On Wednesday, the Korean Association of Neuro-Psychiatric Practitioners issued a statement against the government's policy to increase the medical school enrollment quota. (Credit: Getty Images)
On Wednesday, the Korean Association of Neuro-Psychiatric Practitioners issued a statement against the government's policy to increase the medical school enrollment quota. (Credit: Getty Images)

One after another, Korea’s medical societies are criticizing the government's plan to increase the number of physicians, saying it will not help solve the crisis caused by the inadequate provision of essential care services.

On Wednesday, the Korean Association of Neuro-Psychiatric Practitioners (KANPP) released a statement, saying that while it agrees with the government's intention to solve the essential care crisis, the answer is not the increase of doctors.

"Essential medical care is indeed in crisis, and we agree that a solution is needed," the association said. "However, increasing the number of medical school students will not fill the gap in essential medical care but will only increase unreimbursed care in urban centers. At a time when health insurance’s finance is at risk of collapse, increasing the number of physicians will only hasten the predictable catastrophe."

The association brushed aside calls for expanding the number of medical school students to increase doctors to OECD levels, maintaining they are meaningless by simply comparing countries without considering differences in their healthcare systems.

"Even the U.K., famous for its National Health Service (NHS), where the state takes responsibility for everything from medical education to training, is experiencing various problems, including restrictions on patient choice of doctors, the collapse of public healthcare, and doctors' strikes. In the U.S., they pay high fees for essential healthcare, but patients’ burdens are heavy,” it said. "No healthcare system is perfect. Comparing simple numbers without considering the context of the healthcare system will only lead to meaningless results.”

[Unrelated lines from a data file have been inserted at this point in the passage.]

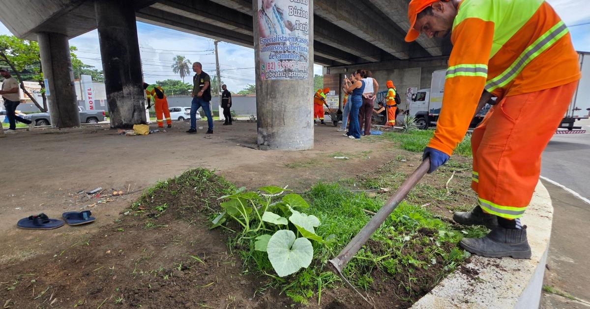 Área do viaduto de Jacarecica recebe ação conjunta de melhoria urbana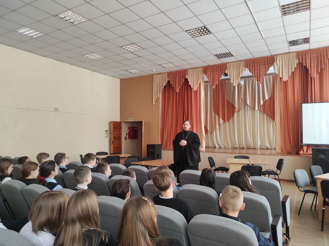 16 февраля 2024 года в школе состоялась встреча священнослужителя Скоб Алексея Николаевича из Храма святых праведных Иокима и Анны с учащимися 7-8 классов на тему "Поступки и их влияние на нашу жизнь". Цель встречи: научить учащихся обдумывать свои поступки, контролировать себя, свои действия и эмоции. Встреча прошла в позитивной атмосфере, учащиеся узнали как важно воспитывать в себе стремление совершать добрые дела и хорошие поступки.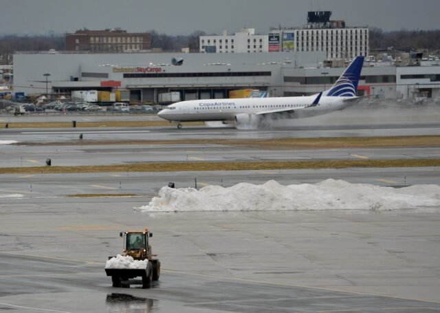 Centenas de voos foram interrompidos nos aeroportos de Nova York no fim de semana, quando os meteorologistas alertaram que o sistema de tempestades traria efeitos climáticos de inverno para a região.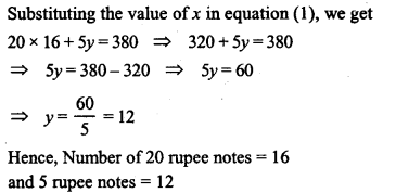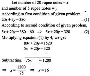 A man has certain notes of denominations Rs. 20 and Rs. 5 which amount to Rs. 380. If the number of notes of each kind is interchanged, they amount to Rs. 60 less as before. Find the number of notes of each denomination.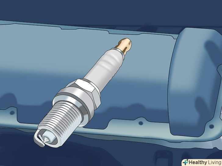Доторкніться різьбовим ділянкою свічки до голого металу.з підключеним до свічки високовольтним проводом доторкніться різьбовим ділянкою свічки запалювання до голого ділянки металу вашого автомобіля. Це може бути будь-яку ділянку без фарби або ж сам двигун.- Не забувайте про засоби індивідуального захисту. На наступних кількох кроках ризик ураження електричним струмом дуже високий, якщо ви проігноруєте дотримання заходів безпеки.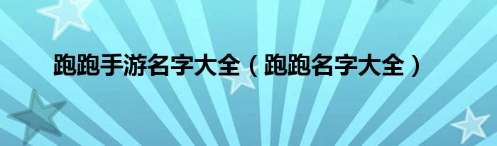 跑跑手游名字大全(跑跑名字大全)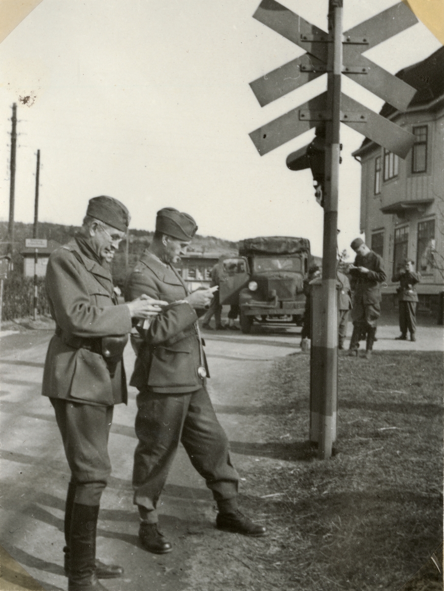 Titel: Text i fotoalbum: "Fälttjänstövn Borgås 8/6 1943. Kapt. Westermark och Genberg".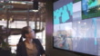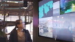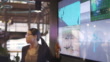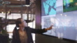 4K stock video clip of a young Asian woman conducting a seminar / lecture with the aid of a large screen. The screen is displaying moving data & designs concerning low carbon electricity production with solar panels & wind turbines. These are juxtaposed with footage of conventional fossil fuel oil production.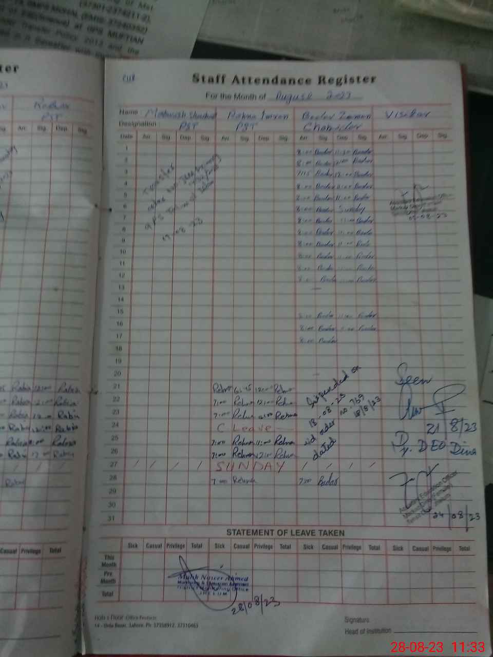 | Name: Re**** Im**** Designation: (School Headmaster's/Headmistress's) HEADMISTRESS Phone/Cell Number: 03**** |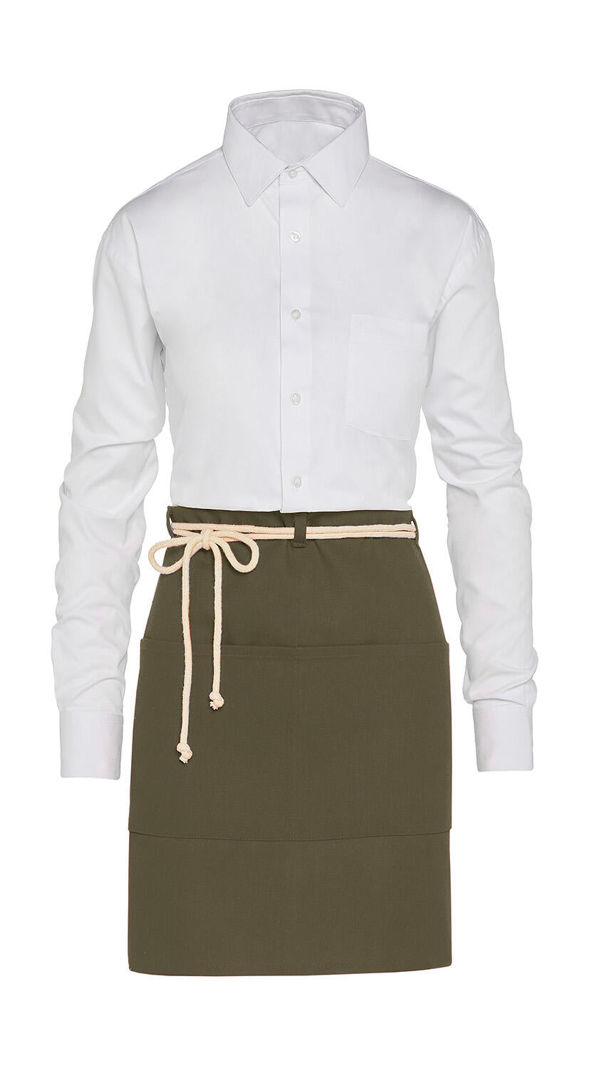 Die CORSICA Schürze ist aus 100% Baumwolle gefertigt und reaktiv gefärbt, um eine langanhaltende Farbechtheit zu gewährleisten. Sie verfügt über Gürtelschlaufen, an denen sie in der Taille mit Polycotton-Kordeln in der Farbe Natural gebunden wird. Dadurch kann die Schürze individuell an die Größe angepasst werden.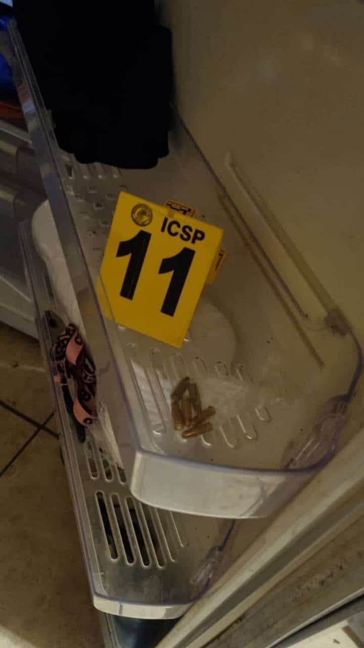 La policía también encontró en la casa una báscula digital gris dañada, una bolsa de plástico interior Diversas bolsas de plástico, un arma corta con la leyenda TITAN, con cargador con 5 cartuchos, credencial para votar a nombre de Limón R. O., una bolsa de plástico con hierba verde y seca, y una bolsa de plástico con 6 cartuchos en su interior.

It then called for normalizing fees for essential medical services and first solving doctors' treatment in provincial public healthcare institutions.

"An increasing number of doctors are arrested or forced to pay hefty compensation due to accidents caused by medical practices in good faith. The problem of essential care is largely due to a system that fails to recognize the huge risks of low-paying jobs," it said. "If the government regards the trends of doctors abandoning their specialties and flocking to cosmetic and plastic surgery as just a money issue without properly investigating the reasons for this, the solution will remain far away."

The association emphasized that it is urgent to normalize essential care fees, stressing the need to increase the price of emergency and severe cases and reduce the coverage rate for mild cases, like colds, to avoid frequent use of medical institutions for mild diseases.

The state's burden should be increased in regional medical care, including in islands and mountainous areas, and the treatment of doctors working in local public medical institutions should be realized.

"We agree with the government's intention to make essential care gaps a serious topic. However, by not listening to experts who know the solutions, and by politicizing healthcare and education, which are essential to people's lives, it may end up contributing to a healthcare collapse," the psychiatrist group added.